Additional Information Regarding the Transaction and Where to Find It

 

This communication does not constitute an offer to sell or the solicitation of an offer to buy any securities or a solicitation of any vote or approval.  This communication is being made in respect of the proposed merger transaction involving CBOE Bats, CBOE Corporation and CBOE V, LLC. The issuance of shares of CBOE common stock in connection with the proposed merger will be submitted to the stockholders of CBOE for their consideration, and the proposed merger will be submitted to the stockholders of Bats for their consideration. In connection therewith, the parties intend to file relevant materials with the SEC, including a definitive joint proxy statement/prospectus, which will be mailed to CBOE stockholders and Bats stockholders. However, such documents are not currently available. BEFORE MAKING ANY VOTING OR ANY INVESTMENT DECISION, INVESTORS AND SECURITY HOLDERS OF CBOE AND/OR Bats ARE URGED TO READ THE DEFINITIVE JOINT PROXY STATEMENT/PROSPECTUS REGARDING THE PROPOSED TRANSACTION AND ANY OTHER RELEVANT DOCUMENTS FILED OR TO BE FILED WITH THE SEC CAREFULLY AND IN THEIR ENTIRETY WHEN THEY BECOME AVAILABLE BECAUSE THEY WILL CONTAIN IMPORTANT INFORMATION ABOUT THE PROPOSED TRANSACTION. Investors and security holders may obtain free copies of the definitive joint proxy statement/prospectus, any amendments or supplements thereto and other documents containing important information about each of CBOE and Bats, once such documents are filed with the SEC, through the website maintained by the SEC at www.sec.gov. Copies of the documents filed with the SEC by CBOE will be available free of charge on CBOE’s website at http://ir.cboe.com/financial-information/sec-filings.aspx under the heading “SEC Filings” or by contacting CBOE’s Investor Relations Department at (312) 786-7136. Copies of the documents filed with the SEC by BATS will be available free of charge on BATS’ website at http://www.bats.com/investor_relations/financials/ under the heading “SEC Filings” or by contacting BATS’ Investor Relations Department at (913) 815-7132.

 

Participants in the Solicitation

 

CBOE, Bats, their respective directors and executive officers, certain other members of CBOE’s and Bats’ respective management and certain of CBOE’s and Bats’ respective employees may be deemed to be participants in the solicitation of proxies in connection with the proposed transaction.
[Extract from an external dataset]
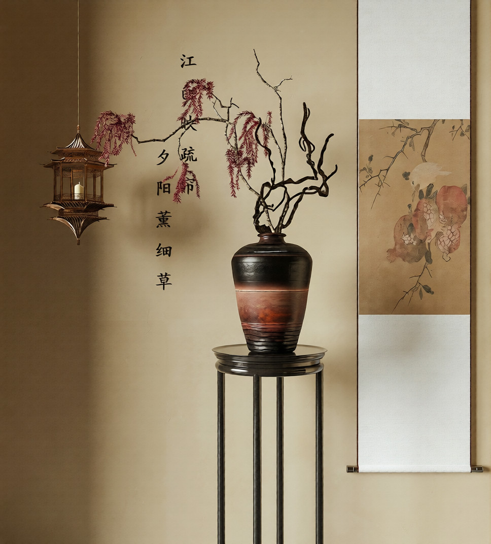 Modern Asian Style Dining Room with Artistic Ceiling Decoration_HJI4803711881809

Information about the directors and executive officers of CBOE is set forth in its proxy statement for its 2016 annual meeting of stockholders, which was filed with the SEC on April 6, 2016, and its annual report on Form 10-K for the fiscal year ended December 31, 2015, which was filed with the SEC on February 19, 2016, and information about the directors and executive officers of Bats is set forth in its final prospectus, which was filed with the SEC on April 15, 2016.  Each of these documents can be obtained free of charge from the sources indicated above. Other information regarding the participants in the proxy

 



 

solicitation and a description of their direct and indirect interests, by security holdings or otherwise, will be contained in the definitive joint proxy statement/prospectus and other relevant materials to be filed with the SEC when they become available.